ASSIGNED TASK
Extract every record, keeping each one exactly as it is.

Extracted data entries
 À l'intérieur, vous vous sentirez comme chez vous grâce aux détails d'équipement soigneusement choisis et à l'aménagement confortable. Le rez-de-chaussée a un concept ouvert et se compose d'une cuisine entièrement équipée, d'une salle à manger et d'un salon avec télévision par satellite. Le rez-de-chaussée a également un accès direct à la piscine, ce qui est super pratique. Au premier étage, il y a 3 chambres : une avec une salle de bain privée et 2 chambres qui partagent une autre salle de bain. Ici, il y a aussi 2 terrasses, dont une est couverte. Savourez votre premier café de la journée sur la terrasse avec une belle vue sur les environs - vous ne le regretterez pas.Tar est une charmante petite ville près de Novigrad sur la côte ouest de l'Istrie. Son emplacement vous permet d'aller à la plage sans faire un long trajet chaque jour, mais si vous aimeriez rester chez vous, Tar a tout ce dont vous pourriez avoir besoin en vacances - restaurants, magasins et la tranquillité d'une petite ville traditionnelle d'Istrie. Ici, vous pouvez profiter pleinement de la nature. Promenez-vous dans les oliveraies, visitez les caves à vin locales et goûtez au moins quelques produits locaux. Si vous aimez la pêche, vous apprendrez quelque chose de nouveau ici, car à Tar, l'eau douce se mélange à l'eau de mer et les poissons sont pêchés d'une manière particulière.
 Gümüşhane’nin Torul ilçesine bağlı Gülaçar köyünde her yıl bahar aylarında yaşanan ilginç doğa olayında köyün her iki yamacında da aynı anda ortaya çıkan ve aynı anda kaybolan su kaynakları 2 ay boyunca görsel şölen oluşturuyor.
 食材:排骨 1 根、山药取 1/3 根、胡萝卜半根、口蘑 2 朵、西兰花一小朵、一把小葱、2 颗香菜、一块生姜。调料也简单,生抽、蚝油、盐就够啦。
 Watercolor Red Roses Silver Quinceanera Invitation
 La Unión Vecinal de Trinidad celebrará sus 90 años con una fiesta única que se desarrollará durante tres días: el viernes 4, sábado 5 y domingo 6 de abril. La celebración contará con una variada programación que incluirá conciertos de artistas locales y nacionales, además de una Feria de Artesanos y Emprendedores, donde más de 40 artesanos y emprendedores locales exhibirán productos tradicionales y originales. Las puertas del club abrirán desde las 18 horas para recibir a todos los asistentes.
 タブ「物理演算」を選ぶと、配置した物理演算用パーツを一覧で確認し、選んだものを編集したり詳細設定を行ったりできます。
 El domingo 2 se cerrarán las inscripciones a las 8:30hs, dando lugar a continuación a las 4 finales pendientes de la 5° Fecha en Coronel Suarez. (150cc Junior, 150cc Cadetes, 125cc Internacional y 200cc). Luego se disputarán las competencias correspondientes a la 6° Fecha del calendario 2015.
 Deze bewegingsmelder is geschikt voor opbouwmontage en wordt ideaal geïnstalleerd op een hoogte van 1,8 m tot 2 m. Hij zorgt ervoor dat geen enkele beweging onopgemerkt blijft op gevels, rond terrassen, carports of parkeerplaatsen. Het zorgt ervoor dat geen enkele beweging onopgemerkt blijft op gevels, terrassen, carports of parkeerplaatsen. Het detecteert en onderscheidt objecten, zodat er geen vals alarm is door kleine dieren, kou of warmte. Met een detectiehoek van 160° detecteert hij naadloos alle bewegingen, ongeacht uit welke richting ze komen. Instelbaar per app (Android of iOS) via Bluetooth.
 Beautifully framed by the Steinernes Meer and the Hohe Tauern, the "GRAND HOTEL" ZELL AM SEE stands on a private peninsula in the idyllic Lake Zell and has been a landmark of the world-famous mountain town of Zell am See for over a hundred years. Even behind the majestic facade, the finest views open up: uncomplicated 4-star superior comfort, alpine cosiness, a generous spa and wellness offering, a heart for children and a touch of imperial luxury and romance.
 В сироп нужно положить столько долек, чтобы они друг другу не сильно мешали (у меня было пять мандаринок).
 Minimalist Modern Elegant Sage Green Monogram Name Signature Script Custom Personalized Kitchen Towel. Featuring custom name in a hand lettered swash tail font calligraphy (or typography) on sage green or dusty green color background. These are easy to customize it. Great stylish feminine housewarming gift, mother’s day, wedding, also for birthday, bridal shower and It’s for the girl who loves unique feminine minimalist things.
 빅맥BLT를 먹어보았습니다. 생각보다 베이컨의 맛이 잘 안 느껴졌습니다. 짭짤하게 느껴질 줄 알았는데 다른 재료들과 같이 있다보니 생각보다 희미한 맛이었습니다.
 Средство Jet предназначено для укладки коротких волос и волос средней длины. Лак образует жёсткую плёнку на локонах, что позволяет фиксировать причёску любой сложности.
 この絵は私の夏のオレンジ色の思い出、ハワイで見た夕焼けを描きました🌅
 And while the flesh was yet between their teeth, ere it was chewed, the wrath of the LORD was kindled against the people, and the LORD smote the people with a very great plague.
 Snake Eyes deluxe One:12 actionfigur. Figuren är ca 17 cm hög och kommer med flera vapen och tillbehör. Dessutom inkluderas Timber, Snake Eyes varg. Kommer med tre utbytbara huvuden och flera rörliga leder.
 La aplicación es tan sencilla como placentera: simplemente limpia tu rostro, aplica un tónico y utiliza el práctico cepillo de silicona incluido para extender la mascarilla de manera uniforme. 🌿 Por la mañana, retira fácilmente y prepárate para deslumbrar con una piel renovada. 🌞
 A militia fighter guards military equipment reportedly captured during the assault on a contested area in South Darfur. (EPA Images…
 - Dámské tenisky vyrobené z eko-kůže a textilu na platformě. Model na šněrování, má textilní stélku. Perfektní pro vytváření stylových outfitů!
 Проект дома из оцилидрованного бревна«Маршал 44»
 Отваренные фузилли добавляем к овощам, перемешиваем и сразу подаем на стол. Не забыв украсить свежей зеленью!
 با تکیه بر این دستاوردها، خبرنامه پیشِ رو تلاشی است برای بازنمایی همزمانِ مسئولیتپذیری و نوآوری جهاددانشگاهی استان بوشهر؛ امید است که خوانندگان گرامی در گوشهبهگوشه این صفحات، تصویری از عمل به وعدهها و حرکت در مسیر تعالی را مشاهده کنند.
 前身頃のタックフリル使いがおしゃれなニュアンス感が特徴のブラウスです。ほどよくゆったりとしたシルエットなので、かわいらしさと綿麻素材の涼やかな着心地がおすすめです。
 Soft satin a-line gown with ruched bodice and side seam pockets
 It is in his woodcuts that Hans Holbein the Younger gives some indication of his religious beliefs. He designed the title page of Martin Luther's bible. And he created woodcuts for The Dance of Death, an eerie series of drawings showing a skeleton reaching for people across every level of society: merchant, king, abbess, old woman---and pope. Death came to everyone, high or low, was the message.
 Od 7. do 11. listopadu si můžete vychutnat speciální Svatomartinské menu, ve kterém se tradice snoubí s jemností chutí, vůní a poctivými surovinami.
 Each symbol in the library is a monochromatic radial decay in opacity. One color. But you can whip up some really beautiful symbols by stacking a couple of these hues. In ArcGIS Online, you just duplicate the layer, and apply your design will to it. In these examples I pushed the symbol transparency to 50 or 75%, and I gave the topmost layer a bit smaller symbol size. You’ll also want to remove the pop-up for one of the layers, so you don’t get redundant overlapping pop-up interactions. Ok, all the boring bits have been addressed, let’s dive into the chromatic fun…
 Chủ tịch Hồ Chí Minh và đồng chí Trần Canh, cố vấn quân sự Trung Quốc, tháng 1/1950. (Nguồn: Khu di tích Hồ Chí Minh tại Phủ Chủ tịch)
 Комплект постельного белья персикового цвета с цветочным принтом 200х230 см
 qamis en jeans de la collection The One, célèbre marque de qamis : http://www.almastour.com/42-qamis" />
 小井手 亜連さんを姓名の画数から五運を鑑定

FINISHED TASK
 À l'intérieur, vous vous sentirez comme chez vous grâce aux détails d'équipement soigneusement choisis et à l'aménagement confortable. Le rez-de-chaussée a un concept ouvert et se compose d'une cuisine entièrement équipée, d'une salle à manger et d'un salon avec télévision par satellite. Le rez-de-chaussée a également un accès direct à la piscine, ce qui est super pratique. Au premier étage, il y a 3 chambres : une avec une salle de bain privée et 2 chambres qui partagent une autre salle de bain. Ici, il y a aussi 2 terrasses, dont une est couverte. Savourez votre premier café de la journée sur la terrasse avec une belle vue sur les environs - vous ne le regretterez pas.Tar est une charmante petite ville près de Novigrad sur la côte ouest de l'Istrie. Son emplacement vous permet d'aller à la plage sans faire un long trajet chaque jour, mais si vous aimeriez rester chez vous, Tar a tout ce dont vous pourriez avoir besoin en vacances - restaurants, magasins et la tranquillité d'une petite ville traditionnelle d'Istrie. Ici, vous pouvez profiter pleinement de la nature. Promenez-vous dans les oliveraies, visitez les caves à vin locales et goûtez au moins quelques produits locaux. Si vous aimez la pêche, vous apprendrez quelque chose de nouveau ici, car à Tar, l'eau douce se mélange à l'eau de mer et les poissons sont pêchés d'une manière particulière.
 Gümüşhane’nin Torul ilçesine bağlı Gülaçar köyünde her yıl bahar aylarında yaşanan ilginç doğa olayında köyün her iki yamacında da aynı anda ortaya çıkan ve aynı anda kaybolan su kaynakları 2 ay boyunca görsel şölen oluşturuyor.
 食材:排骨 1 根、山药取 1/3 根、胡萝卜半根、口蘑 2 朵、西兰花一小朵、一把小葱、2 颗香菜、一块生姜。调料也简单,生抽、蚝油、盐就够啦。
 Watercolor Red Roses Silver Quinceanera Invitation
 La Unión Vecinal de Trinidad celebrará sus 90 años con una fiesta única que se desarrollará durante tres días: el viernes 4, sábado 5 y domingo 6 de abril. La celebración contará con una variada programación que incluirá conciertos de artistas locales y nacionales, además de una Feria de Artesanos y Emprendedores, donde más de 40 artesanos y emprendedores locales exhibirán productos tradicionales y originales. Las puertas del club abrirán desde las 18 horas para recibir a todos los asistentes.
 タブ「物理演算」を選ぶと、配置した物理演算用パーツを一覧で確認し、選んだものを編集したり詳細設定を行ったりできます。
 El domingo 2 se cerrarán las inscripciones a las 8:30hs, dando lugar a continuación a las 4 finales pendientes de la 5° Fecha en Coronel Suarez. (150cc Junior, 150cc Cadetes, 125cc Internacional y 200cc). Luego se disputarán las competencias correspondientes a la 6° Fecha del calendario 2015.
 Deze bewegingsmelder is geschikt voor opbouwmontage en wordt ideaal geïnstalleerd op een hoogte van 1,8 m tot 2 m. Hij zorgt ervoor dat geen enkele beweging onopgemerkt blijft op gevels, rond terrassen, carports of parkeerplaatsen. Het zorgt ervoor dat geen enkele beweging onopgemerkt blijft op gevels, terrassen, carports of parkeerplaatsen. Het detecteert en onderscheidt objecten, zodat er geen vals alarm is door kleine dieren, kou of warmte. Met een detectiehoek van 160° detecteert hij naadloos alle bewegingen, ongeacht uit welke richting ze komen. Instelbaar per app (Android of iOS) via Bluetooth.
 Beautifully framed by the Steinernes Meer and the Hohe Tauern, the "GRAND HOTEL" ZELL AM SEE stands on a private peninsula in the idyllic Lake Zell and has been a landmark of the world-famous mountain town of Zell am See for over a hundred years. Even behind the majestic facade, the finest views open up: uncomplicated 4-star superior comfort, alpine cosiness, a generous spa and wellness offering, a heart for children and a touch of imperial luxury and romance.
 В сироп нужно положить столько долек, чтобы они друг другу не сильно мешали (у меня было пять мандаринок).
 Minimalist Modern Elegant Sage Green Monogram Name Signature Script Custom Personalized Kitchen Towel. Featuring custom name in a hand lettered swash tail font calligraphy (or typography) on sage green or dusty green color background. These are easy to customize it. Great stylish feminine housewarming gift, mother’s day, wedding, also for birthday, bridal shower and It’s for the girl who loves unique feminine minimalist things.
 빅맥BLT를 먹어보았습니다. 생각보다 베이컨의 맛이 잘 안 느껴졌습니다. 짭짤하게 느껴질 줄 알았는데 다른 재료들과 같이 있다보니 생각보다 희미한 맛이었습니다.
 Средство Jet предназначено для укладки коротких волос и волос средней длины. Лак образует жёсткую плёнку на локонах, что позволяет фиксировать причёску любой сложности.
 この絵は私の夏のオレンジ色の思い出、ハワイで見た夕焼けを描きました🌅
 And while the flesh was yet between their teeth, ere it was chewed, the wrath of the LORD was kindled against the people, and the LORD smote the people with a very great plague.
 Snake Eyes deluxe One:12 actionfigur. Figuren är ca 17 cm hög och kommer med flera vapen och tillbehör. Dessutom inkluderas Timber, Snake Eyes varg. Kommer med tre utbytbara huvuden och flera rörliga leder.
 La aplicación es tan sencilla como placentera: simplemente limpia tu rostro, aplica un tónico y utiliza el práctico cepillo de silicona incluido para extender la mascarilla de manera uniforme. 🌿 Por la mañana, retira fácilmente y prepárate para deslumbrar con una piel renovada. 🌞
 A militia fighter guards military equipment reportedly captured during the assault on a contested area in South Darfur. (EPA Images…
 - Dámské tenisky vyrobené z eko-kůže a textilu na platformě. Model na šněrování, má textilní stélku. Perfektní pro vytváření stylových outfitů!
 Проект дома из оцилидрованного бревна«Маршал 44»
 Отваренные фузилли добавляем к овощам, перемешиваем и сразу подаем на стол. Не забыв украсить свежей зеленью!
 با تکیه بر این دستاوردها، خبرنامه پیشِ رو تلاشی است برای بازنمایی همزمانِ مسئولیتپذیری و نوآوری جهاددانشگاهی استان بوشهر؛ امید است که خوانندگان گرامی در گوشهبهگوشه این صفحات، تصویری از عمل به وعدهها و حرکت در مسیر تعالی را مشاهده کنند.
 前身頃のタックフリル使いがおしゃれなニュアンス感が特徴のブラウスです。ほどよくゆったりとしたシルエットなので、かわいらしさと綿麻素材の涼やかな着心地がおすすめです。
 Soft satin a-line gown with ruched bodice and side seam pockets
 It is in his woodcuts that Hans Holbein the Younger gives some indication of his religious beliefs. He designed the title page of Martin Luther's bible. And he created woodcuts for The Dance of Death, an eerie series of drawings showing a skeleton reaching for people across every level of society: merchant, king, abbess, old woman---and pope. Death came to everyone, high or low, was the message.
 Od 7. do 11. listopadu si můžete vychutnat speciální Svatomartinské menu, ve kterém se tradice snoubí s jemností chutí, vůní a poctivými surovinami.
 Each symbol in the library is a monochromatic radial decay in opacity. One color. But you can whip up some really beautiful symbols by stacking a couple of these hues. In ArcGIS Online, you just duplicate the layer, and apply your design will to it. In these examples I pushed the symbol transparency to 50 or 75%, and I gave the topmost layer a bit smaller symbol size. You’ll also want to remove the pop-up for one of the layers, so you don’t get redundant overlapping pop-up interactions. Ok, all the boring bits have been addressed, let’s dive into the chromatic fun…
 Chủ tịch Hồ Chí Minh và đồng chí Trần Canh, cố vấn quân sự Trung Quốc, tháng 1/1950. (Nguồn: Khu di tích Hồ Chí Minh tại Phủ Chủ tịch)
 Комплект постельного белья персикового цвета с цветочным принтом 200х230 см
 qamis en jeans de la collection The One, célèbre marque de qamis : http://www.almastour.com/42-qamis" />
 小井手 亜連さんを姓名の画数から五運を鑑定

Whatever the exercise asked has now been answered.